Two parallel wires AL and KM placed at a distance I are connected by a resistor R and placed in a magnetic field B which is perpendicular to the plane containing the wire as shown in figure-5.340. Another wire CD now connects the two wires perpendicularly and made to slide with velocity v.
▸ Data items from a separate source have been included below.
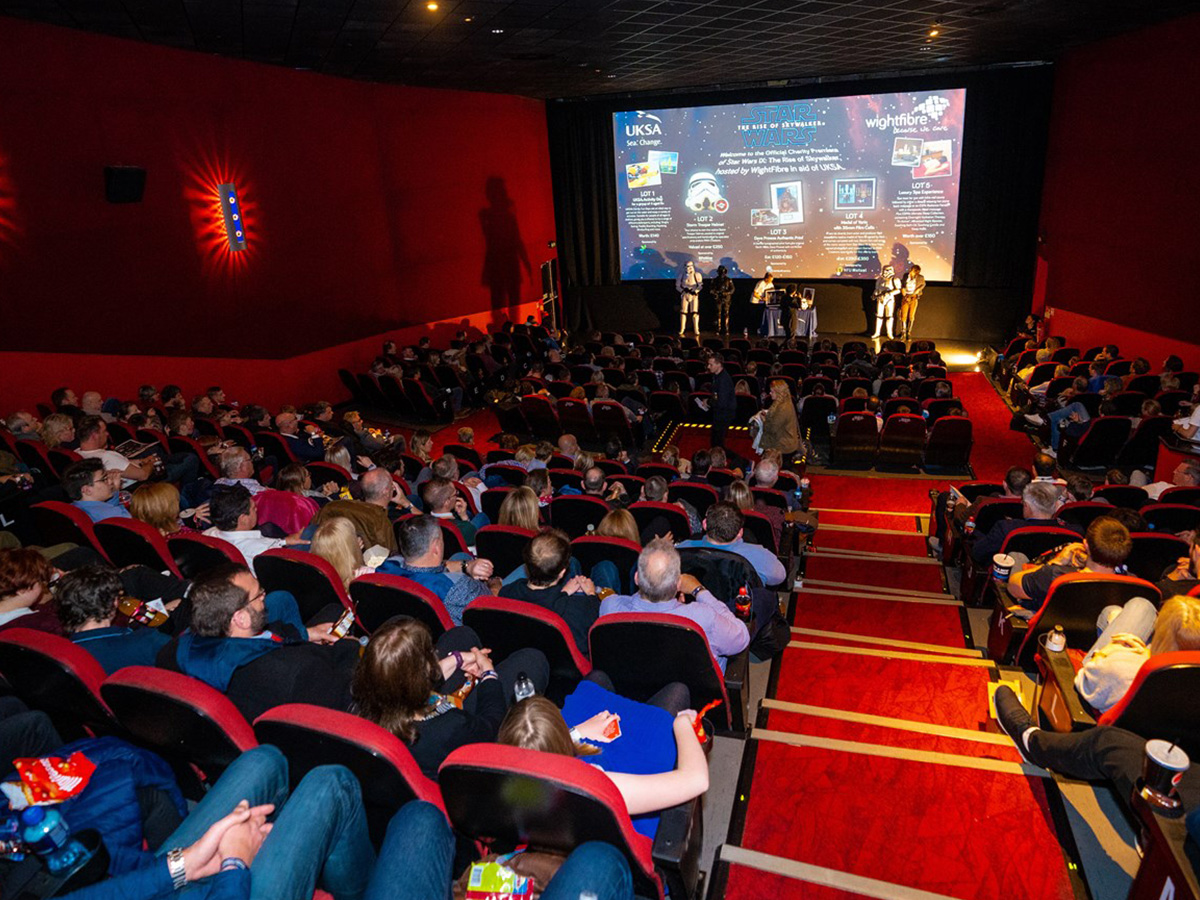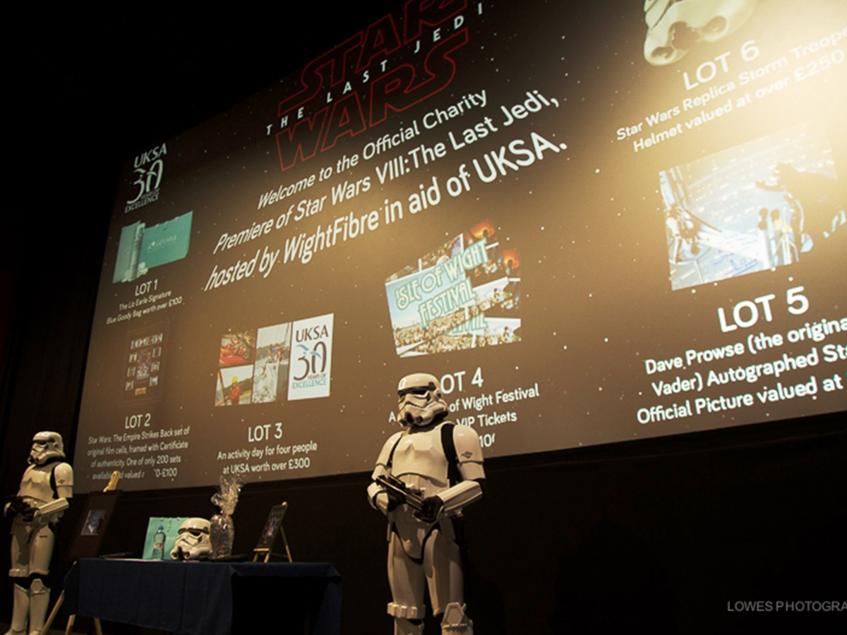 Our biggest Star Wars Official Charity event to date, raising £7,158 and taking our total to over £15,000 for UKSA. VIP guests walked the red carpet and rubbed shoulders with characters from the popular film series including Darth Vader, Storm Troopers and Hans Solo, before moving into Screen 1 to take their seats. The event dedicated to Simon Poole, WightFibres’ Chief Operating Officer, who tragically lost his life only a few days prior to the event.
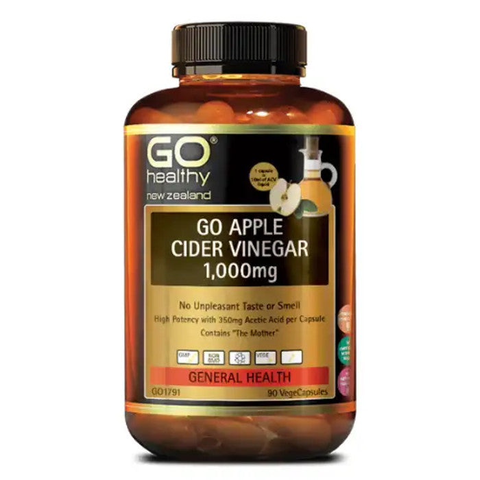 Go Apple Cider Vinegar 1,000mg is made from naturally fermented apples, and supplied in the convenience of a VegeCapsule. This means you can enjoy all the goodness from Apple Cider Vinegar, without the unpleasant taste or smell, plus as an extra benefit, is kinder on the teeth. Apple Cider Vinegar is often recommended by Healthcare Practitioners as a tonic to support general health and wellbeing. Acetic Acid is the active compound in Apple Cider Vinegar and is supplied in a high amount of 350mg per VegeCapsule, helping to provide greater health benefits and support digestive vitality, aid in detoxification, support pH balance in the body and healthy blood sugar balance. Just one easy-to-take VegeCapsule dose is equivalent to 10ml of Apple Cider Vinegar liquid.
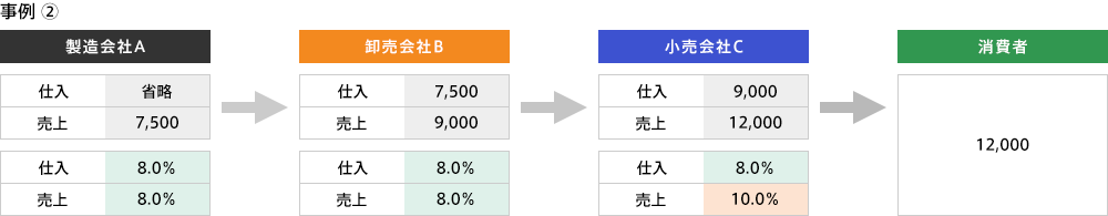 事例②の場合には、製造会社Aの売上、卸売会社Bの売上と仕入について軽減税率が適用されますが、小売会社Cの仕入については軽減税率が適用されるものの、売上については税抜販売価格が1万円を超えることから標準税率(10.0%)が適用されます。
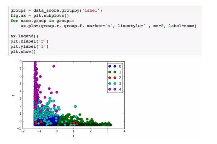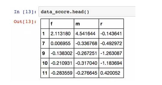 上图的三列数据是经过标准化后的用户消费数据。值越接近0,说明离平均水平越近。r值因为是最近一次消费时间,所以值越小,说明时间越接近,值越大,说明消费越久远。
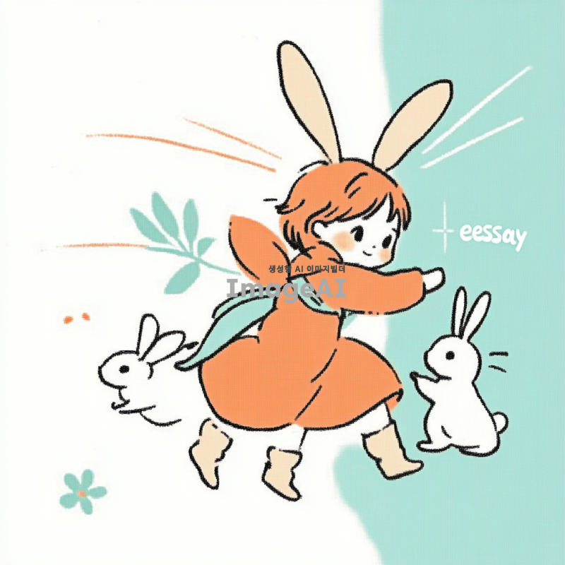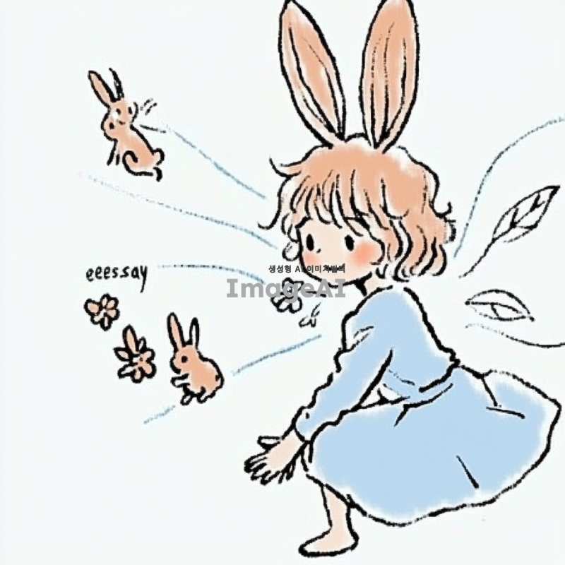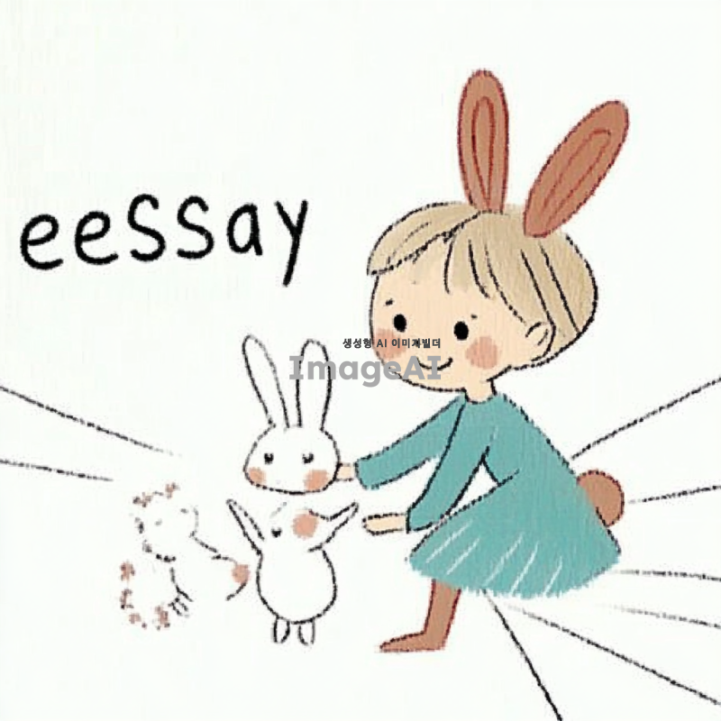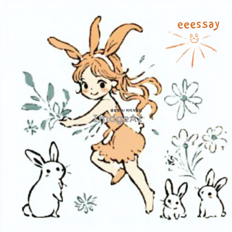 사랑스럽고 소녀스러운 분위기의 엽서 디자인, 화사한 pastel 색상 배경, 귀여운 꽃과 리본 장식, 브랜드 로고 "eessay"가 돋보이게 배치, 한국 소녀가 사랑스럽고 경쾌한 포즈로 서 있는 모습, 주변에 작은 토끼와 함께, 전체적으로 따뜻하고 아기자기한 느낌을 주는 일러스트 스타일.
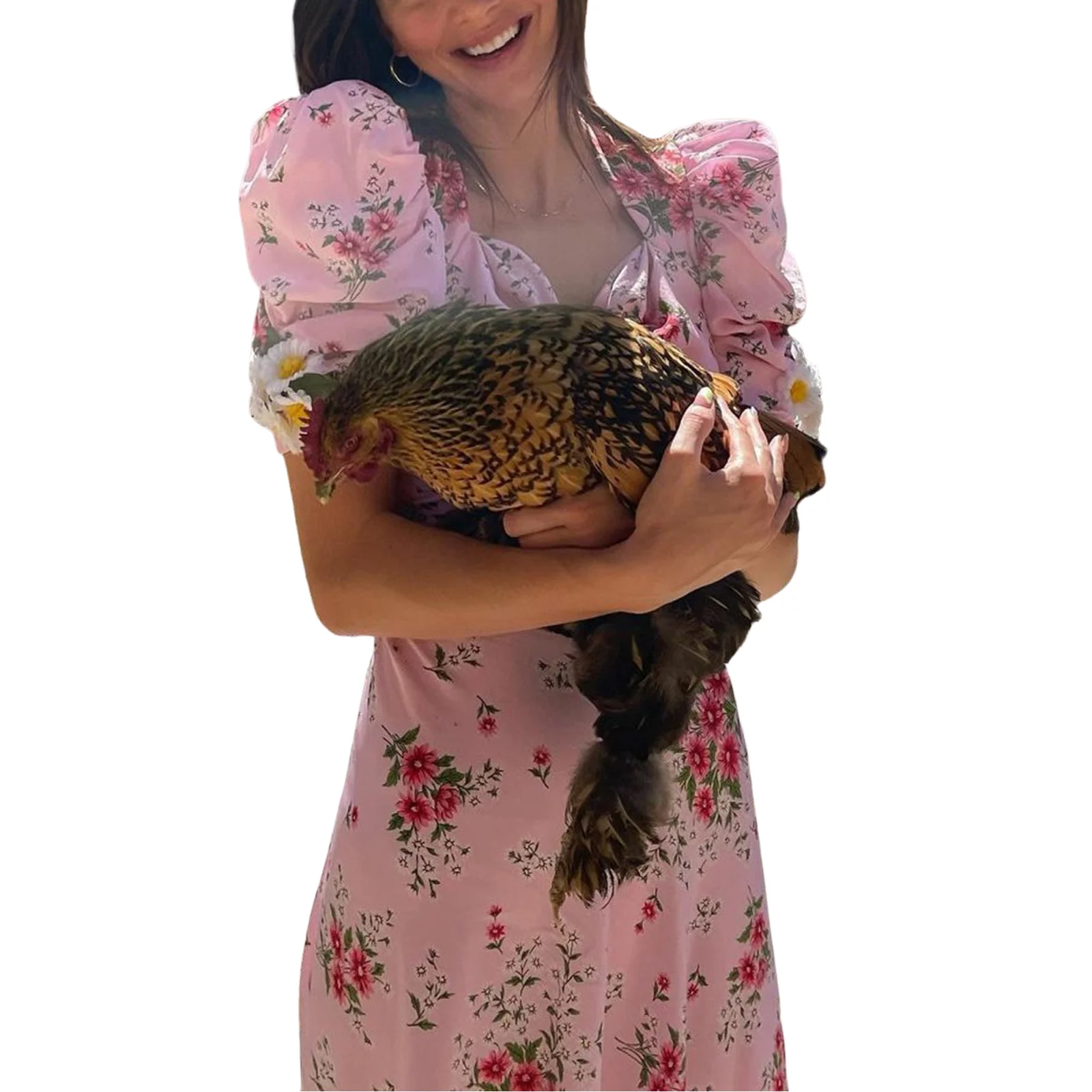 Женское длинное розовое платье, Красивое Летнее платье с цветочным принтом, V-образным вырезом и коротким пышным рукавом для дам, SMLXL
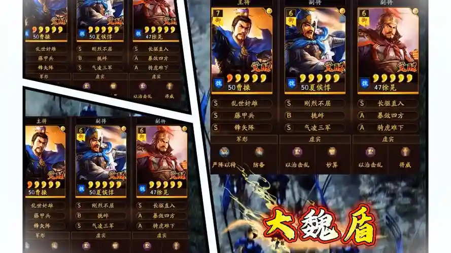 4、曹操+徐晃:曹操作为魏盾的核心辅助武将,能够提供高额的伤害加成和防御加成,与徐晃的搭配能够形成强大的输出能力。第三人选择:典韦/许褚等魏盾武将均可作为第三人选择,根据队伍需要选择合适的技能搭配。
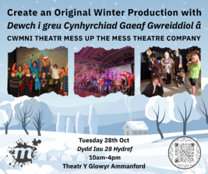 Join our Winter Show Development Day Tues 28th Oct and be at the heart of the process. No previous experience needed. 10am-4pm Theatr Y Glowyr Ammanford
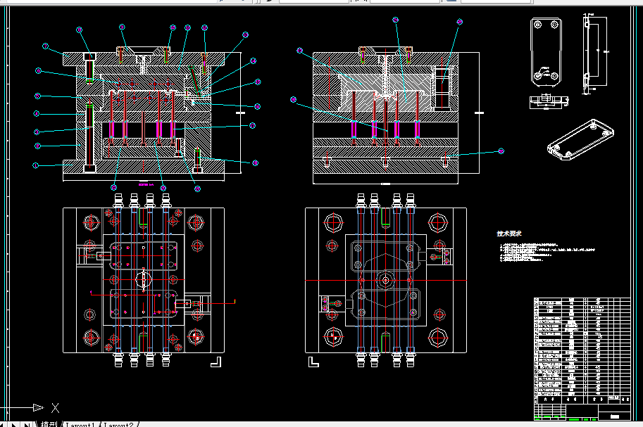 本论文以遥控器后盖的注塑模具设计为主要内容,详细介绍了注塑模具设计的一般流程,其中的设计内容有零件的工艺性编制:塑件的工艺性分析、塑件的体积和质量计算及注射机参数的确定;结构设计:分型面选择、型腔数确定、型腔的排列方式、浇口设计、侧向分型抽芯机构设计、推出及复位机构方式确定;型芯、型腔尺寸计算;模具加热和冷却系统计算;模具闭合高度确定;注射机有关参数的校核;如此设计出的结构可确保模具工作运用可靠。最后对模具结构与注射机的匹配进行了校核。并用AutoCad绘制了一套模具装配图和零件图。
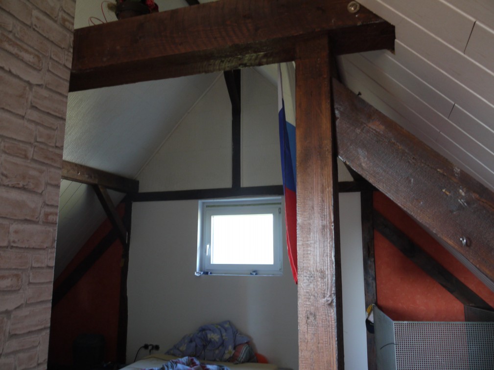 Weiter über die Treppe kommen Sie auf das Dachgeschoß mit viel Platz und schöner Decke mit Balken.
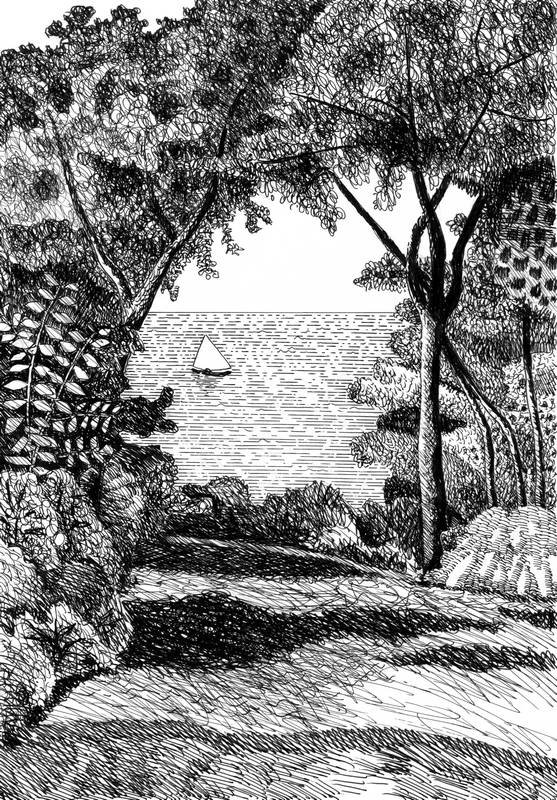 * Dessin de Richard Aeschlimann tiré de La grotte de Vénus (réédition L’Âge d’Homme, 2012).
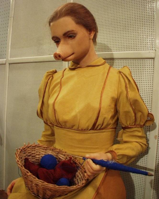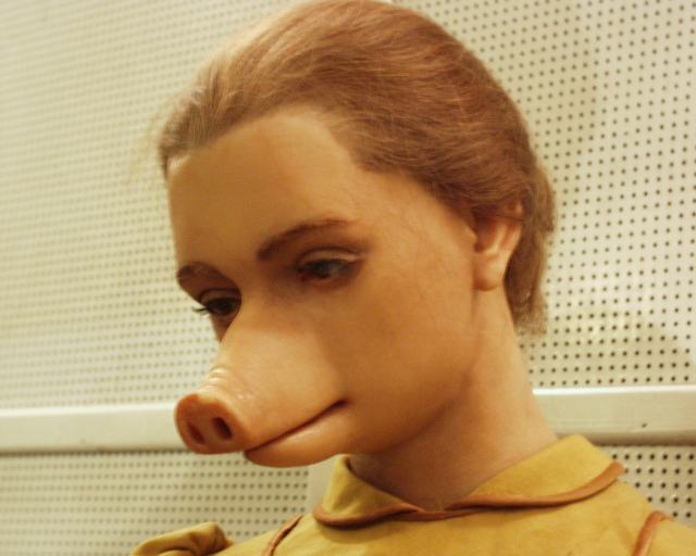 normální zena, ale místo nosu jí narostl prasečí rypák. V dospělosti
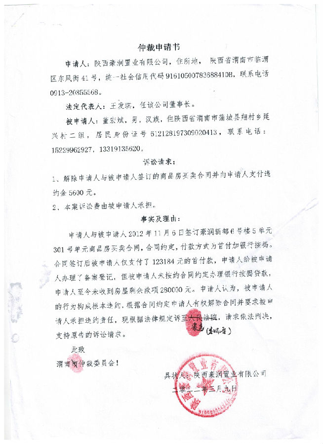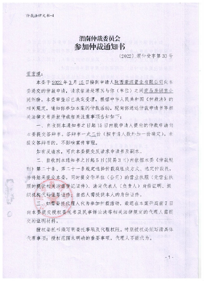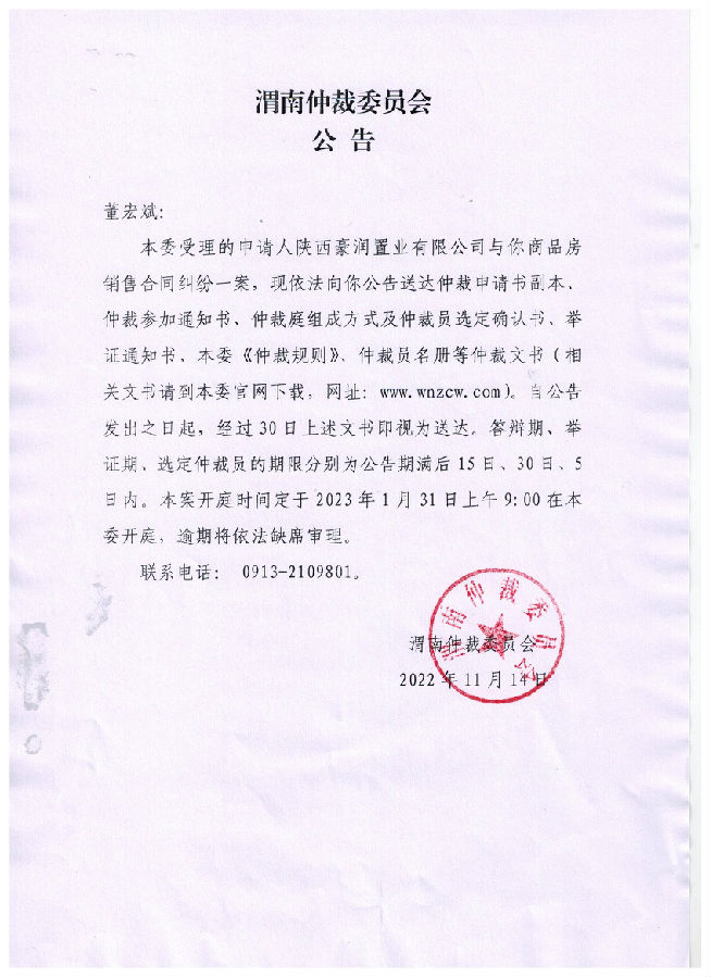 陜西豪潤(rùn)置業(yè)有限公司與董宏斌一案公告
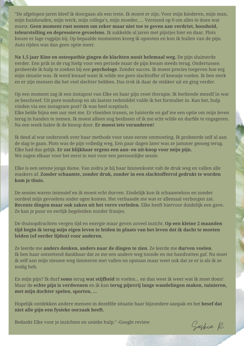 Ik wil jou graag helpen om je pijn te verlichten en er eens eindelijk blijvend van af te komen. De Pijn Reset Methode helpt je niet enkel pijnvrij worden, maar ook te groeien tot een zelfverzekerde, opgewekte en spontane versie van jezelf!

Calculate the workdone needed to slide the wire CD. Neglect the resistance of all the wires.

When a rod of length l moves in a magnetic field with velocity v as shown in figure, an emf `epsi=Bvl` will be induced in it. Due to this induced emf, a current

`i=(epsi)/(R)=(Bvl)/(R)` will flow in the circuit as shown in figure. Due to this induced current, the wire will experience a magnetic force
`F_(M)=Bil=(B^(2)l^(2)v)/(R)`
which will oppose its motion, So to maintain the motion of the wire CD, a force `F=F_(M)` must be applied in the direction of motion.
The work done per second, i.e., power needed to slide the wire is given by
`P=(dW)/(dt)=Fv=F_(M)" "v=(B^(2)v^(2)l^(2))/(R)`
The power delivered by the external agent is converted into joule heating in a by using the circuit(as shwon above). It means magnetic field helps in converting the mechanical energy into joule heating.